When did you get your HR10-250? If recently you may be on the lease program and they own the machine. If you purchased it you need to remind them to look at your account records to prove that you bought it. If you did buy it you can do whatever you want to with it. This happened to me earlier this year so I know it to be true.



P.S. I'm keeping mine to use as a SDTV DVR, or use the hard drive for other purposes.


----------



## trixie05 (Sep 19, 2007)

Well, really they dont want it back its probably just because its set up as a leased receiver instead of owned. What you need to do is send them an email asking for a supervisor to call you back and leave the best time of day and phone number for them to reach you (so you dont play phone tag w/ them). Then explain your situation and see if they cant getthis resolved to where you can keep the HR10-250. You should've been offered to relocate the HD DVR to another room when you ordered the new HD DVR. If you have another receiver you dont care about then activate the HR10-250 in its place and keep it.


----------



## gully_foyle (Jan 18, 2007)

I'm pretty sure that if you leave it connected they'll let you keep it.


----------



## captain_video (Nov 22, 2005)

The OP indicated it is a leased unit in the very first sentence. That's why DirecTV wants it back.


----------



## mhayes70 (Mar 21, 2006)

captain_video said:


> The OP indicated it is a leased unit in the very first sentence. That's why DirecTV wants it back.


Yeah. But, sometime they log it in there system as leased and it really isn't. This has happened to me and I had to do a little bit of arguing with them and they did let me keep it.

Since, it is an old Tivo unit. I would be skeptical and I would of thought he would of purchased it. I guess it depends on how long ago did he get this unit.


----------



## Galley (Apr 3, 2007)

Mine was leased and they told me to sell it on eBay, which is exactly what I did.


----------



## vtfan99 (Apr 12, 2006)

Mine was leased and they told me they didn't need to recover it and I could do with it what I liked. Based on this thread I think I will at least hold on to it for a little while in case they change their minds.


----------



## aktick (Sep 1, 2006)

When did the leasing thing start? I have 2 HR10-250s that are no longer being used, and won't be used again by me, unfortunately. I bought one in January of 2006, the other in August of 2006, both at Best Buy.

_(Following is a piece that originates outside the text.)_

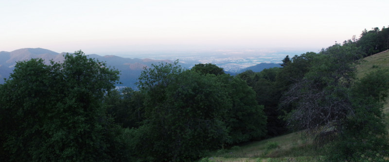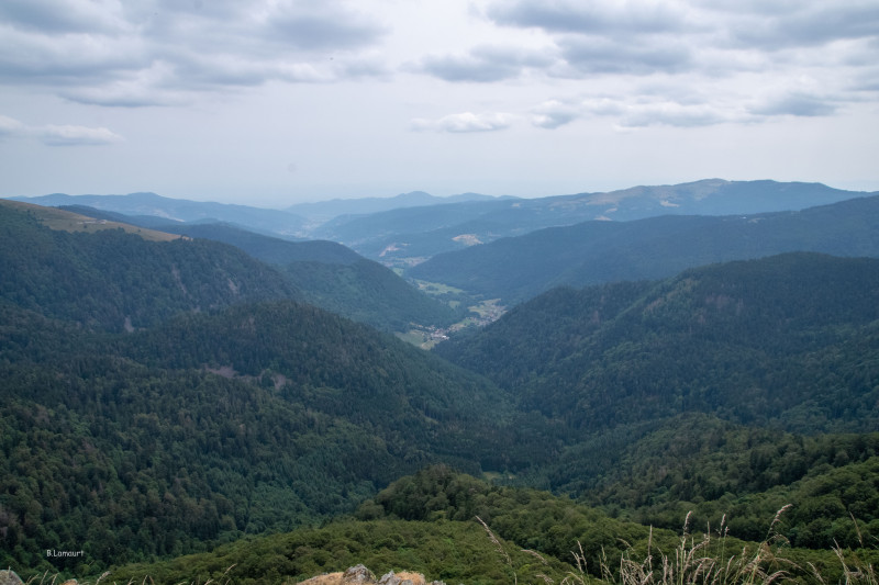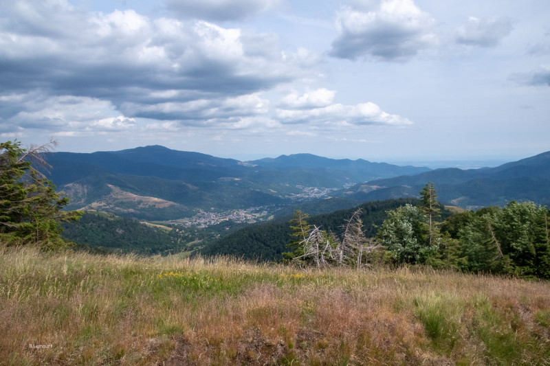 Le panorama que nous pouvons observer à partir de la terrasse de la ferme-auberge est fantastique : face à nous, nous avons le Grand Ballon et donc nos deux dernières étapes. Dans le creux de la vallée, la Thur, rivière qui passe à Thann et que nous allons surplomber tous les jours. Au loin vers le sud-est, la plaine d’Alsace un peu embrumée barrée par le massif de la Forêt Noire. Au Sud, les faubourgs de Mulhouse... Nous nous couchons en en ayant pris plein les yeux !
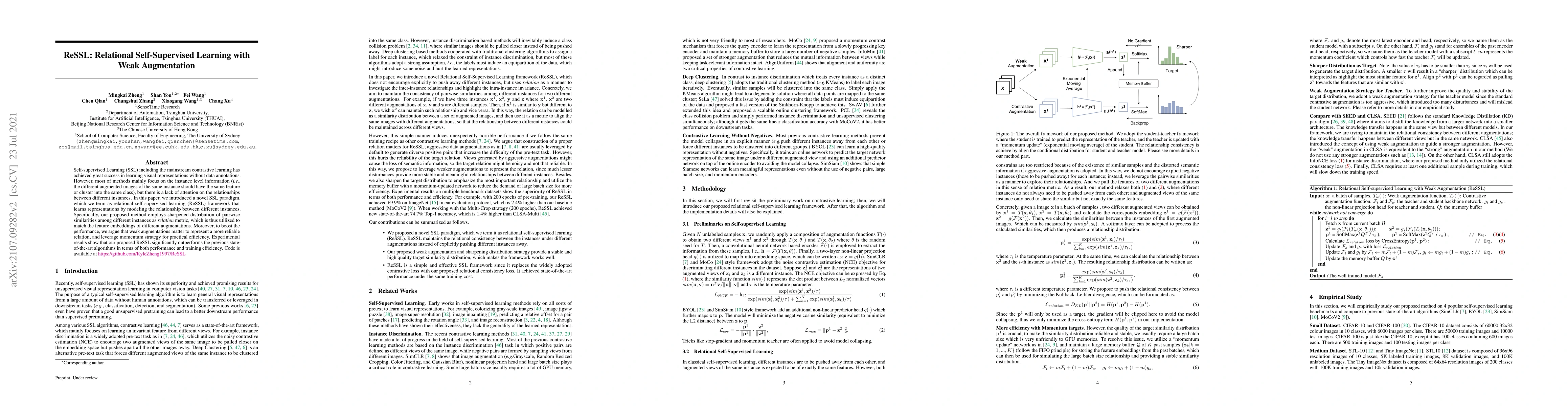 The paper introduces ReSSL, a novel relational self-supervised learning framework that models relationships between different instances to improve visual representation learning. It employs weak augmentations and a momentum strategy to enhance performance and efficiency, outperforming previous methods.

When I got my HR20s a couple months ago, the installer was going to take them, I said no, those stay here. He didn't care. I've talked to DTV a couple times since for programming problems, and they never mentioned them, although when I initially setup my install they said they were leased.

I was always under the impression that I owned them both - I bought them at BB, was never told anything about them being leased, and since I never gave BB any account info for DTV, how would I know any different?

Anyways...I want to get rid of them, if I can, on ebay, and want to make sure DTV isn't going to try to get them back from me.

Is ebay the best route for getting rid of them?


----------



## Michael D'Angelo (Oct 21, 2006)

aktick said:


> When did the leasing thing start? I have 2 HR10-250s that are no longer being used, and won't be used again by me, unfortunately. I bought one in January of 2006, the other in August of 2006, both at Best Buy.
> 
> When I got my HR20s a couple months ago, the installer was going to take them, I said no, those stay here. He didn't care. I've talked to DTV a couple times since for programming problems, and they never mentioned them, although when I initially setup my install they said they were leased.
> 
> ...


The lease program started in March of 2006. The one you should be good on but the other I would call and check.


----------



## aktick (Sep 1, 2006)

BMoreRavens said:


> The lease program started in March of 2006. The one you should be good on but the other I would call and check.


Thanks, will do. When buying a receiver at Best Buy, do they ever ask for your account info or anything? It just seems odd that they can just sell you something without any proof you are a DTV customer and call it a lease.


----------



## Michael D'Angelo (Oct 21, 2006)

aktick said:


> Thanks, will do. When buying a receiver at Best Buy, do they ever ask for your account info or anything? It just seems odd that they can just sell you something without any proof you are a DTV customer and call it a lease.


When you buy a DirecTV receiver from a retail store you have 30 days to activate it or they will charge you. That is why they want you credit card number when you buy it.

The box I believe should have had a sticker on it saying it was a lease. As soon as you activate the receiver the lease kicks in with DirecTV.


----------



## Ace51 (Nov 6, 2006)

I had two leased HR10-250's. When I left to FiOS, I sold them both on e-Bay. No questions asked. D* told me to do whatever I wanted to do with them.

Ace


----------



## the_real_macaw (Oct 26, 2007)

I JUST called D about my 10-250. I asked what would happen if it croaked (I added it less than a year ago. Bought from Ebay). They told me that they were NOT taking any of the units back since they were no longer serviced by D. Maybee some newbie at D made a mistake.


----------



## mumblyjoe (Oct 27, 2007)

I have an early HR10-250 in my garage. I upgraded to a TV with HDMI and realized I got one of the boxes with the non-functional HDMI port. They replaced the HR10, with an HR20 and I smiled. They didn't ask for anything back, but they said that nobody would be able use the HR10.


----------